Diorio questioned the need for more jail time since it takes a parent out of the workforce and can be used as an excuse to not pay.

In Alberta, the maximum jail time is 90 days, said Manuel da Costa, executive director of the province's maintenance enforcement program.

But few deadbeat parents spend time behind bars because the program uses jail as a last resort, he said.

"Our objective is to get them to pay," da Costa said. "We want them to get the message."

Ontario's proposed bill would also give the province's Family Responsibility Office the power to post on a website pictures of those who shirk their child support duties.

But Pupatello admitted it could be some time before such a website is up and running.

"Quite frankly right now, I need to have the confidence that we would put the right people on the website with the right level of arrears," she said.

Alberta already has such a website, and officials locate about 60 per cent of the people whose pictures are posted, Pupatello said.

Diorio urged the Ontario government to set up its website as quickly as possible.

"It's all for the children," she said. "Children are placed on the backburner and it shouldn't be that way."

Alberta has a separate investigations unit that searches for deadbeat parents, da Costa said. Diorio suggested Ontario should do the same.
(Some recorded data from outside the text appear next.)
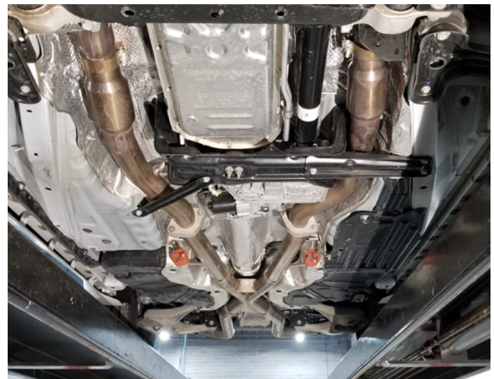
Detail 28: Connection to catback Stainless Works catback shown
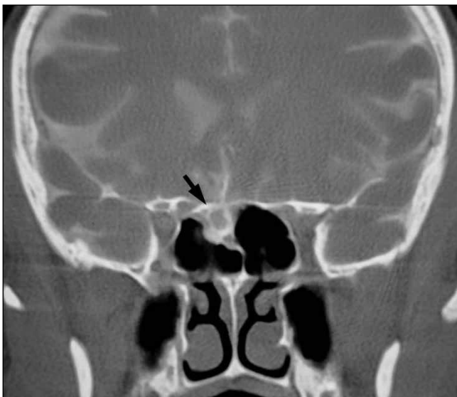
Figure 2: CT cisternography of the patient showing a sphenoid sinus roof defect and herniated pseudomeningocele beneath (arrow).

predisposes to potentially life-threatening consequences and sudden cerebral death occurs frequently by the involvement of the brain stem (9,24). After a non-lethal craniocerebral GW, various collateral damages could happen in the neighboring structures. One of them is skull base injury, which could cause CSFr (9).
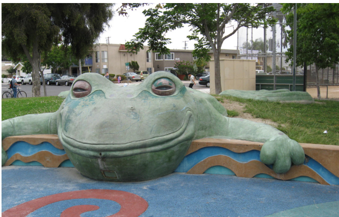
North Park Community Park children's play area Frog.
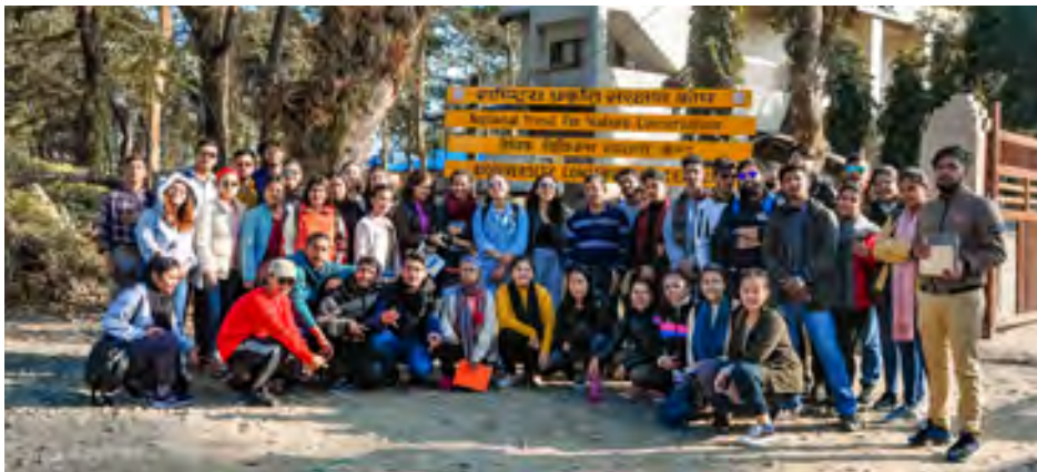
Students during the field visit in National Trust for Nature Conservation, Chitwan

Financial Literacy Training for the young school students
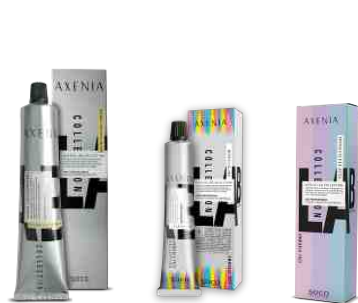
LAB COLLECTION Oxidation hair color cream
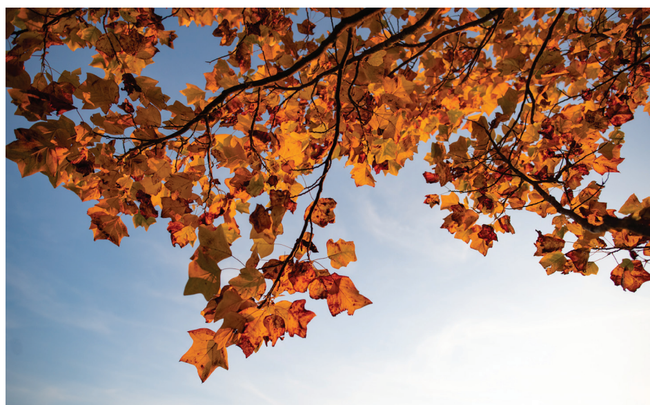
Bright orange leaves glow in the light of the setting sun.
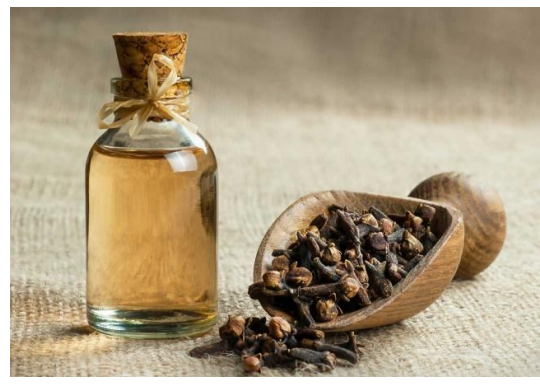
FIG 4-CLOVE OIL FROM CLOVE
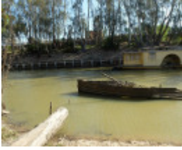
20151005_Echuca wharf Wet Dockand B22 Barge 6.JPG
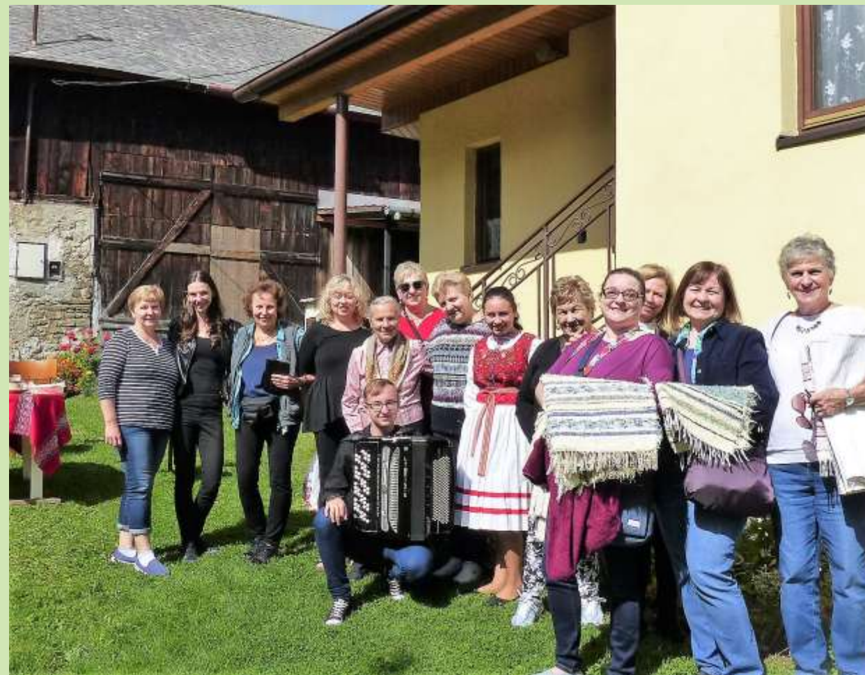
Visiting a weaver's traditional house.
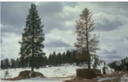
Figure 8: Lowering the grade severs roots and kills trees.

To protect the tree, terrace the grade (Figure 9) or build a retaining wall between the tree and the lower grade. Walls should encompass an area extending at least to the drip line.
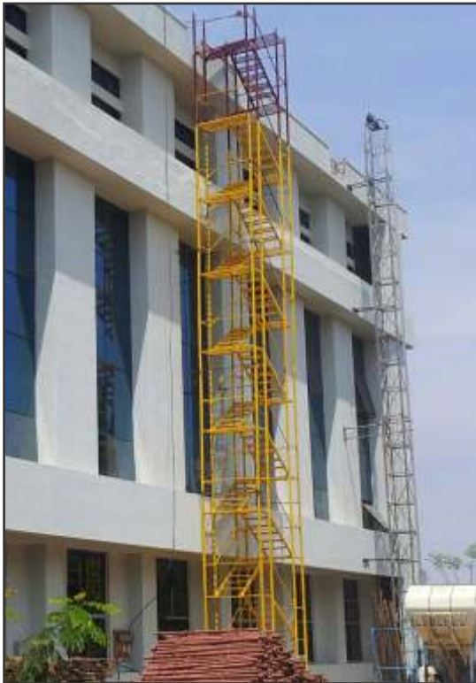
Mild steel stairs for worker access
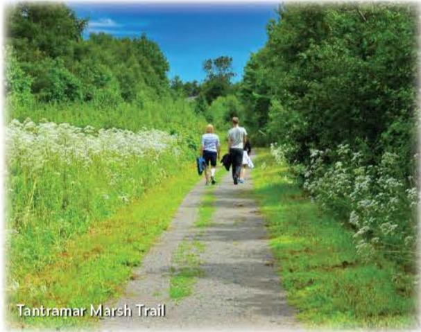
Tantramar Marsh Trail
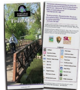
The Trail Map highlights access points, restoration areas, transit connections and other amenities.

The Jordan River Parkway Trail has been constructed in phases over the last several decades. RTCA is currently working with stakeholders to finish one of only four remaining trail gaps. Also, as part of the America's Great Outdoors initiative and with the help of a talented Landscape Architect intern from Utah State University, RTCA worked with Salt Lake County and the Jordan River Commission to produce the first complete map of the trail. The map is expected to increase community awareness of recreation access, improve opportunities for physical activity, and is already in it's second printing!
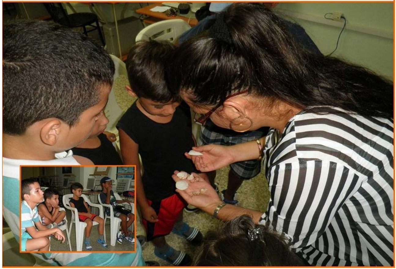
Figure 1. The environmental education activities in rural communities.
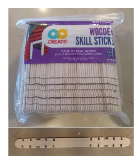
Figure 14. Wooden Skill Sticks

Craft sticks are available with a series of precut grooves to allow the assembly of stable structures without glue. The package shown in Figure 14 comes with instructions for assembling a barn.
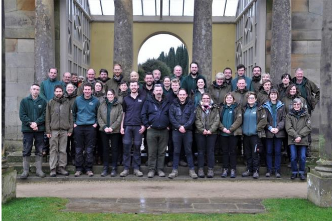
The garden and parkland team at Chatsworth

"Let's get investigators in there," she said. "Alberta's got an investigative unit and they've had (pictures) on the website for the longest time already. Why are we so slow?"

If passed, Ontario's bill would also give the government more power to track down deadbeat parents, such as allowing the province to demand personal information from trade unions. It would also let the government ask for information from those with a financial relationship to the parent.

In addition to already being able to suspend deadbeat parents' driver's licences, the changes would let the government report such parents to professional organizations and suspend hunting and fishing licences.

New Democrat house leader Peter Kormos said reporting deadbeat parents to those organizations is pointless.

"That doesn't put money in the account for parents and their kids," Kormos said.

To improve efficiency, the Family Responsibility Office would allow a parent's workplace to send payments to the office electronically and require direct deposits for recipients.

The legislation would also allow the government to stop enforcing child support payments when the recipient doesn't respond to eligibility inquiries, and it would let the office cut off support paid by a parent once a child is no longer eligible.

stevesboo23
12-06-2004, 08:00 AM
This is a very very touchy subject with me. I dont understand how deadbeats can just walk away!!! I love my boy and last time I checeked I put a roof over his head, shirt on his back and food in his stomach on my own and I will continue to do so!!

DLM
12-06-2004, 08:12 AM
I bet your son will always appreciate it too - he is lucky he has you !

stevesboo23
12-06-2004, 08:15 AM
Thanks!!! When he gets older I am sure he will!!! For now he is only 6 and nobody messes with his momma!!!